Страница 7 из 63
Запомнить каждый момент.
Насладиться каждой секундой.
Живи так, словно каждая секунда — последняя. Потому что для меня это очень даже может быть.
Я иду с опущенной головой, и так сосредоточен на подъеме, переставляя ноги осторожно, шаг за шагом, что едва не пропускаю момента, когда мы достигаем вершины. Шучу конечно, потому что это основа всей моей проклятой жизни: сконцентрируйся на процессе и не думай о конечной цели.

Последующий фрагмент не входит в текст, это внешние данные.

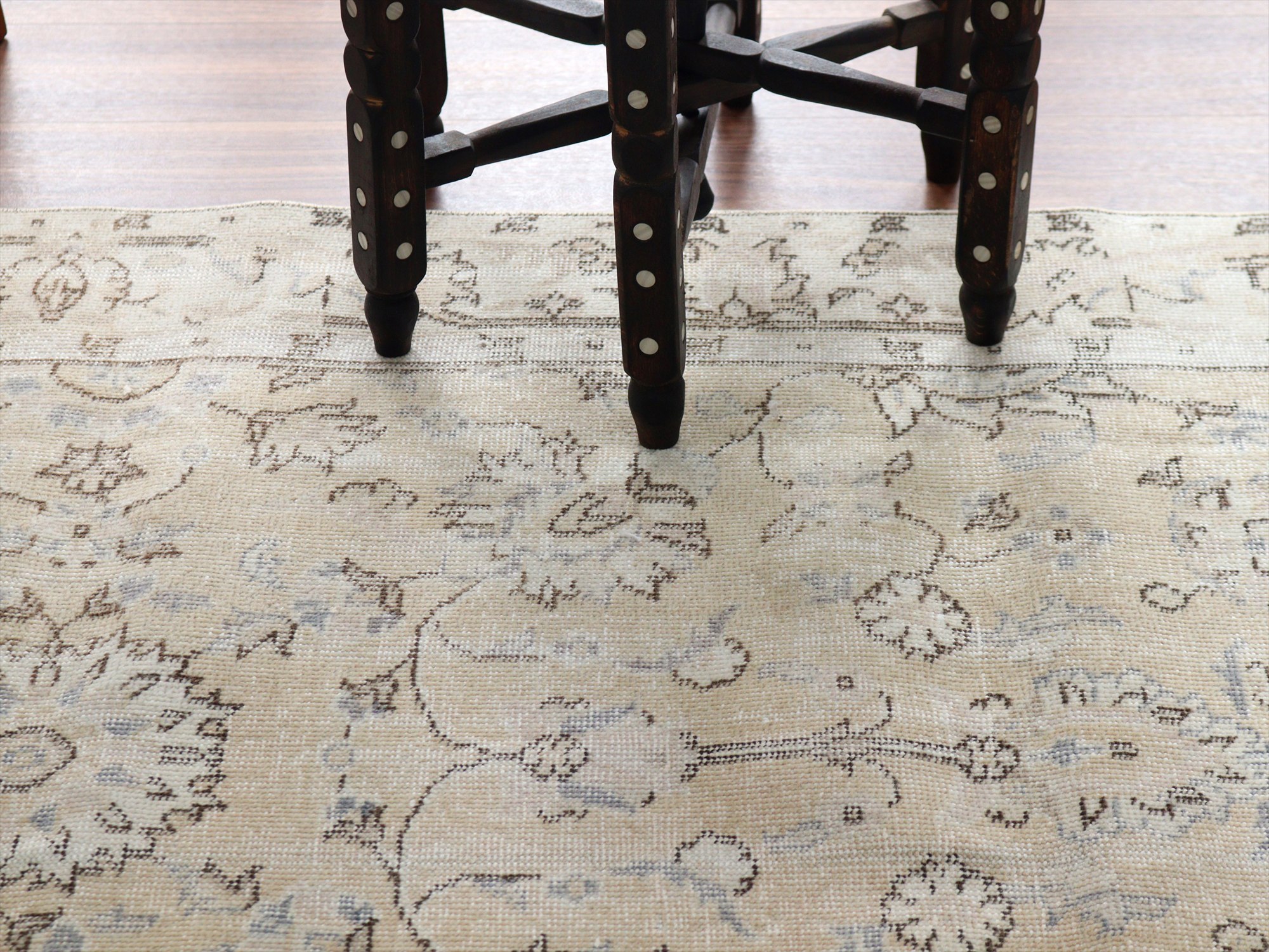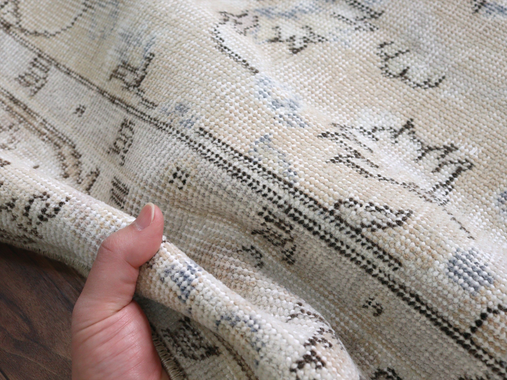 もともとユーズドラグをリサイクルしていますので、全体的に古びた印象に加工してあります。じゅうたん自体はしっかりしていますので、まだまだこれからもお使いいただけます。ベースを含めたラグの厚みは5-6mm前後で、全体的にパイル(毛足)は短く、結び目が見えています。このラグはブリーチのみで、上から別の色に染めてはいないようです。

Я чувствую похлопывание по плечу.
— Эй, американец. Посмотри.
Я выпрямляюсь и оглядываюсь.
— Господи-Боже!
— Это что-то, правда? — он немного моложе меня, немец, кажется, с черными взъерошенными волосами, лохматой бородой, крепкий, в дорогом снаряжении и видавших виды ботинках. Я могу только кивать и купаться в бескрайности мира, окружающего меня со всех сторон бесконечным пространством гор и неба. Даже при дневном свете здесь, высоко-высоко, видны бесчисленные миллионы звезд. В разреженном воздухе тяжело дышать, и мое сердце колотится так сильно, что я вынужден сесть.
Я чуть не плачу.
Вот оно.
Вот, ради чего я живу.
Грудь сдавливает, и мое сердце — в метафизическом смысле — переполняется. Я жив. Сегодня мой тридцатый день рождения, и я жив. И не просто жив — я буквально на вершине мира.
Я могу умереть, мое сердце бешено колотится.
Голова кружится.
В теле слабость.
Мое сердце отказывает.
Я ложусь на спину и кладу голову на острые обломки сланца и камней и смотрю на звезды в небе цвета индиго. Подходящий момент для смерти.
Я чувствую постукивание по плечу.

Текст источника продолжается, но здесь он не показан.